D.  Development of Lateralization and Handedness

1. Planum temporale: A section of the temporal cortex that is larger in the left hemisphere in approximately 65% of the population. This difference in size is apparent at age 3 months in humans.  Children with the biggest ratio of left to right planum temporale performed best on language tests. 

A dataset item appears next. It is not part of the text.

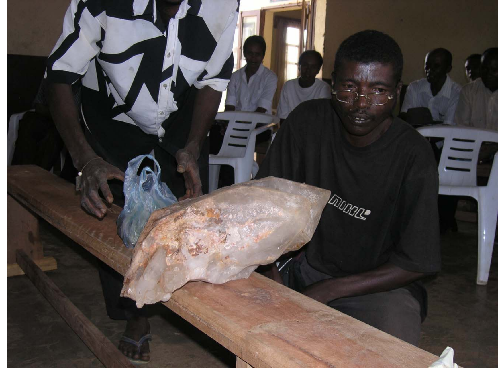
LOCAL MINER WITH ONE OF HIS QUARTZ CRYSTALS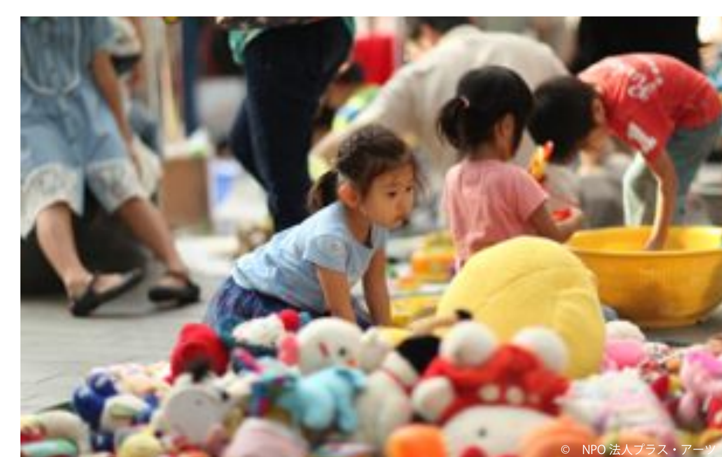
TOY EXCHANGE BAZAAR

2. Corpus Callosum. The corpus callosum matures slowly over the first 5 to 10 years of human life.  Because the neurons connected by the corpus callosum take years to develop their mature adult pattern, the behavior of young children sometimes resembles that of split-brain people. 

3.  Agenesis of the Corpus Callosum (ACC). People born without any or a partially-formed corpus callosum (ACC) can perform some tasks that split-brain people fail, possibly due to larger-than-normal hemispheric connections developing elsewhere in the brain.  For example, they can describe what they feel with either hand and what they see in either visual field.  

The following two commissures are often larger than normal in people born without a corpus callosum:


Anterior Commissure

a.  Anterior commissure: Connects the two hemispheres around the anterior parts of the cerebral cortex. It seems to be mostly involved in smell in neurologically intact persons. It also seems to convey visual information in ACC patients.

b. Hippocampal commissure: Connects the left hippocampus to the right hippocampus.

A study by Paul et al. (2003) came to this conclusion about language deficits:

"...normally intelligent individuals with ACC are impaired in the understanding of non-literal language and emotional-prosodic cues that are important in social communication. .. the performance of individuals with ACC was similar to patients with right hemisphere brain damage. Thus, persons with ACC appear to lack interhemispheric integration of critical aspects of language processed by the right hemisphere." (Paul et al., 2003, Abstract)

handedness vs. language dominanceHandedness

right vs
                left brained?Avoiding Overstatements

What is the answer to the first question at the beginning of this lecture?
Are there "right-brained" and "left-brained" people? NO: This is a myth!

As our text points out, such claims are based on two correct and one incorrect assumptions:
  • each hemisphere specializes in particular functions [TRUE]
  • tasks involving particular functions evoke higher levels of activity in particular hemispheres [TRUE]
  • individual persons rely more heavily and most of the time on one of the hemispheres [FALSE]

We do not have scientific evidence to support that last claim: relying upon either the right or the left hemisphere habitually.

  • Indeed, the presence of the corpus callosum means that the brain is constantly engaged in interhemispheric communication: one side of the brain is always in conversation with the other side of the brain.
  • Most cognitive processes (including creativity, imagination, seeing details, doing mathematics, understanding language, etc.) actually rely upon functions of both hemispheres.

 


References

Andermann, R., & Hart, Y. (1999). Rasmussen's syndrome. Brussels, Belgium: International League against Epilepsy. Retrieved 4/20/05 from the Web site: http://www.epilepsy.org/ctf/rasmussens_syndrome.html

Bien, C. G., Widman, G., Urbach, H., Sassen, R., Kuczaty, S., Wiestler, O. D., Schramm, J., & Elger, C. E. (2002). The natural history of Rasmussen's encephalitis. Brain, 125(8) 1751-1759. [Full-text]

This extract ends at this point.